I had already witnessed so much killing in the years that I'd spent covering this battle of wills between Israelis and Palestinians.
But little did I know that day, as I made my way through this exhibition of photographs and objects entitled The Hundred Martyrs, that in the decades to come, the suffering and sacrifice would escalate to the unimaginable levels of today.
During my visit, the exhibition's curators told me how they had been inundated with requests from the relatives of other Intifada victims who wanted their loved ones' belongings and memories to be part of this temporary monument.
Each of the objects displayed underneath the photographs in transparent plastic cases represented individual shrines. Their value was not material, but purely symbolic in that they belonged to a 'martyr' – someone who had died directly or indirectly as a result of the uprising.
In each instance, curators' assistants had journeyed out through the Israeli checkpoints and cordons that surrounded Palestinian communities to collect these personal photographs and artefacts.
They stood alone as a testament to an individual life. Lives not just remembered, but preserved, along with stories equally powerful and emotive.

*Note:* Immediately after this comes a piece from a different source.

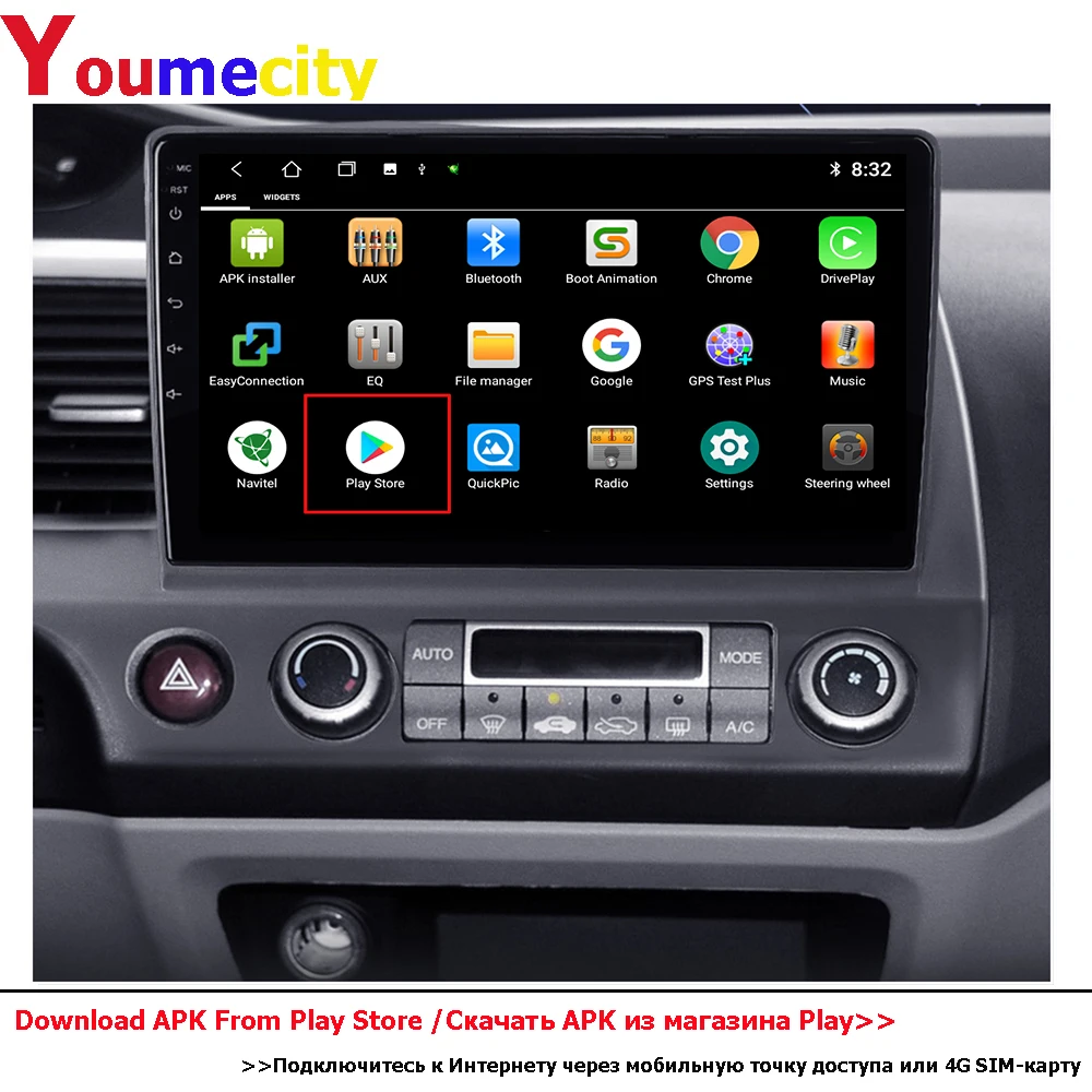 Product Name: 6G Ram + 128G Rom/Wifi + 4G/2Din راديو السيارة ستيريو الصوت اللوحي أندرويد 10 لتحديد المواقع BT مشغل فيديو USB لهوندا سيفيك 4d 2006-2011

I remember that day stopping before the empty birdcage belonging to 15-year-old Nizar Eideh of Ramallah, who, on the morning just before he was shot dead in stone-throwing clashes with Israeli troops, released a bird he had bought a few days earlier, worried that the bird's mother might miss him.
Almost two-and-a-half decades later, photographs and objects, just like those in The Hundred Martyrs exhibition, continue to serve as mute witnesses to a generation of Palestinians in peril. One such image released just this past week shocked the world.
The harrowing photograph taken by journalist Ahmed al-Arini of 18-month-old infant, Muhammad Zakariya Ayyoub al-Matouq in his mother's arms, bones visible from starvation and dressed only in a nappy improvised from a bin bag, is difficult to look at.
So much of what we see coming out of Gaza these past 21 long months has been difficult to look at, let alone absorb and comprehend.
As my good friend the Palestinian writer Raja Shehadeh – himself a human rights lawyer – observed recently, ultimately 'it will be our humanity, not international law that will judge and hold Israel and its allies accountable'.
I so hope Shehadeh is right, even if at times that humanity seems absent in the response of so many people right now.
That latest picture from Gaza of 18-month-old Muhammad reminds me of another from Gaza back during the Second Intifada.
In its own way, it too became a defining image. The 12-year-old boy in that earlier picture was also called Muhammad.
It was on September 30, barely days after the start of the Second Intifada, that Mohammed al-Durra was killed as his father tried to shield him after being caught in Israeli crossfire at Gaza's Netzarim Junction.
Caught on live television, the youngster's horrific death was broadcast around the world.
In Baghdad, they would subsequently name a street after this little boy. In Morocco, a public park. In Jordan, the Taekwondo Federation named their annual championship after him. In other Arab countries, postage stamps were issued carrying his picture.
The TV pictures of his death became a rallying cry for international action, and to this day, the circumstances surrounding Mohammed al-Durra's killing remain the subject of anger, controversy and debate.
Some Israeli officials even insisted at the time that it was 'staged' by the Palestinians, while one pro-Israeli American academic derisorily called the pictures nothing more than 'Pallywood cinema'.
Even in death, it seemed, little Mohammed al-Durra continued to be a target in this, a conflict where there must always be two stories.
As a journalist covering the Intifada at that time, I, like others, wondered just for a moment whether maybe, just maybe, something good might come from such a tragedy.
Perhaps at long last, from the haunted look on the face of this little boy, the realisation might dawn that the eye-for-an-eye score settling between Israelis and Palestinians could not continue forever.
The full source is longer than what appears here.